Diagnóstico e gestão da insuficiência renal crónica

  A insuficiência renal crónica (IRC) é uma síndrome que consiste em várias doenças renais crónicas primárias e secundárias resultando numa diminuição da taxa de filtração glomerular e nos distúrbios metabólicos e sintomas clínicos associados.
  Diagnóstico
  1. manifestações clínicas do sistema digestivo: os sintomas comuns incluem náuseas, náuseas, vómitos, diarreia e hemorragia gastrointestinal. Os sintomas gastrointestinais são as primeiras manifestações clínicas de insuficiência renal crónica e tornam-se cada vez mais proeminentes com o desenvolvimento da doença, e podem tornar-se muito graves nas fases posteriores, tornando-se frequentemente uma das queixas importantes quando os doentes visitam a clínica.
  (1) Sistema cardiovascular: Os danos no sistema cardiovascular são muito comuns em doentes com uremia e são uma causa importante de morte em doentes com insuficiência renal crónica. As principais causas incluem pericardite, cardiomiopatia, endomiopatia, insuficiência cardíaca e hipertensão, e a insuficiência cardíaca é a principal causa de morte em doentes com insuficiência renal crónica.

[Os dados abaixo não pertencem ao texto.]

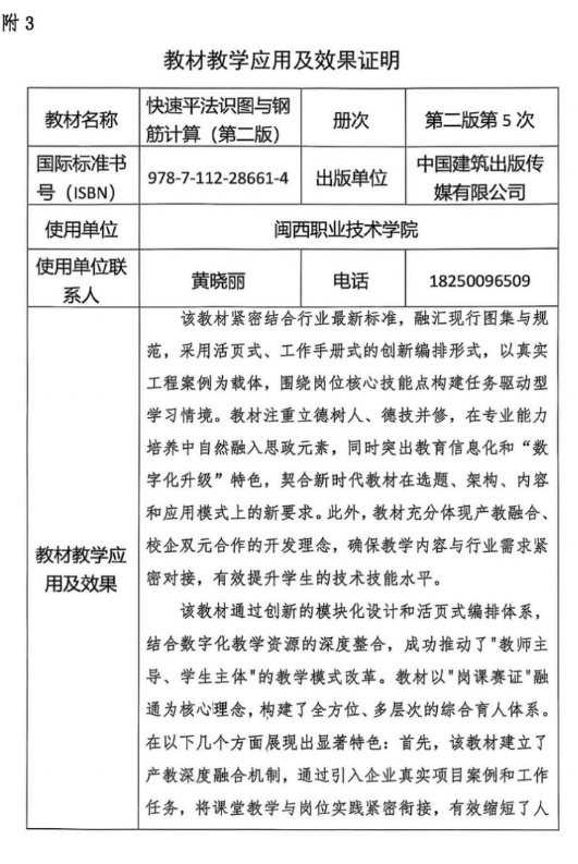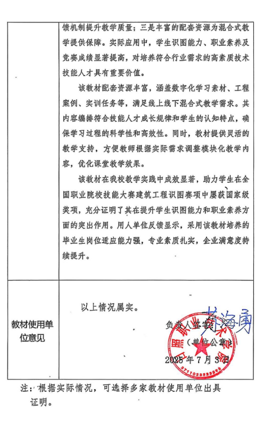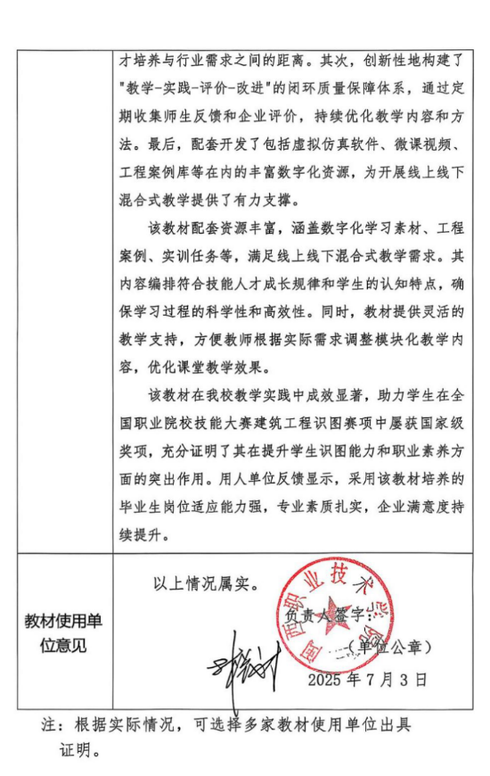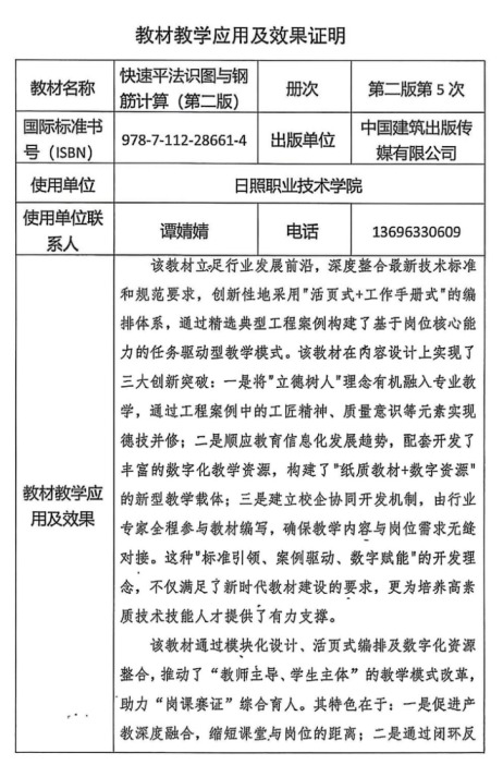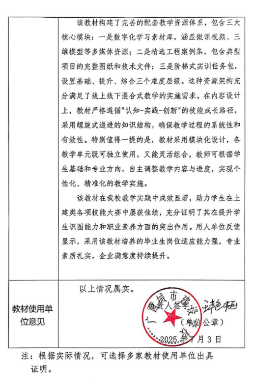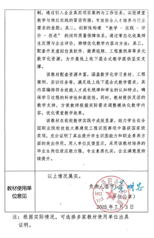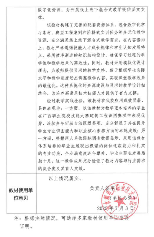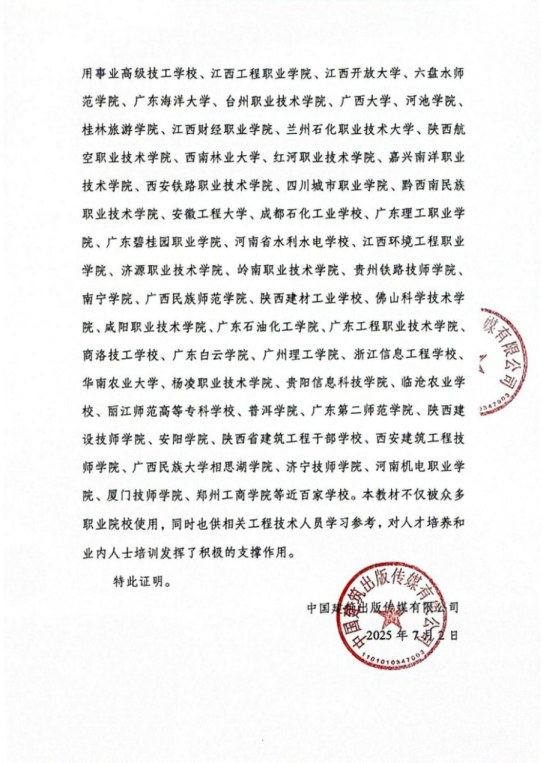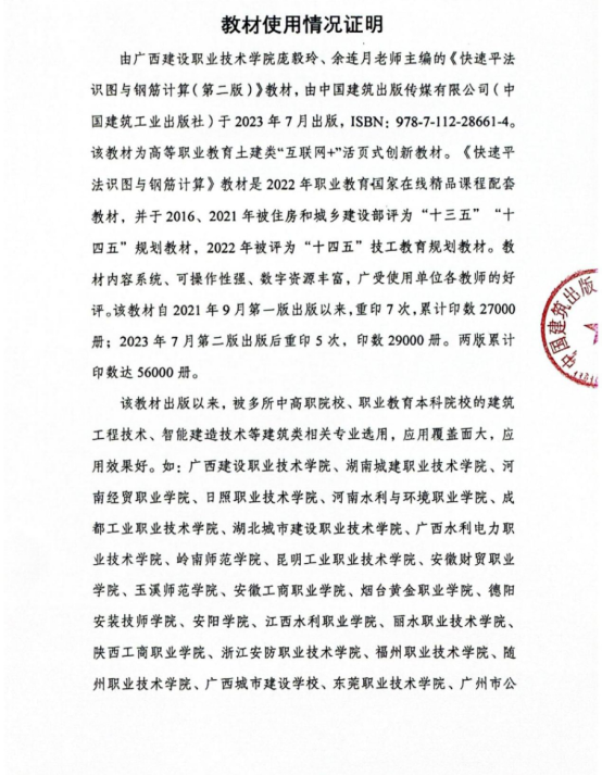 教材被多所中高职院校、职业教育本科院校的od平台官方官网工程技术、智能建造技术等od平台官方官网类相关专业选用,应用覆盖面大,应用效果好。如:日照职业技术学院、江西交通职业技术学院、广西水利电力职业技术学院、广西城市建设学校、闽西职业技术学院等。

  (2) Sistema respiratório: O principal problema é a infecção pulmonar. As infecções pulmonares são uma das principais causas de morte em doentes com insuficiência renal crónica. As principais infecções pulmonares são pneumonia, broncopneumonia e bronquiectasia, 60% a 70% das quais são infecções bacilares Gram-negativas, que podem evoluir para infecções graves se não forem tratadas prontamente. Além disso, podem também ser observadas infecções virais, fúngicas e tuberculosas. Isto é frequentemente seguido por complicações de pulmão uremico e pleurisia uremica.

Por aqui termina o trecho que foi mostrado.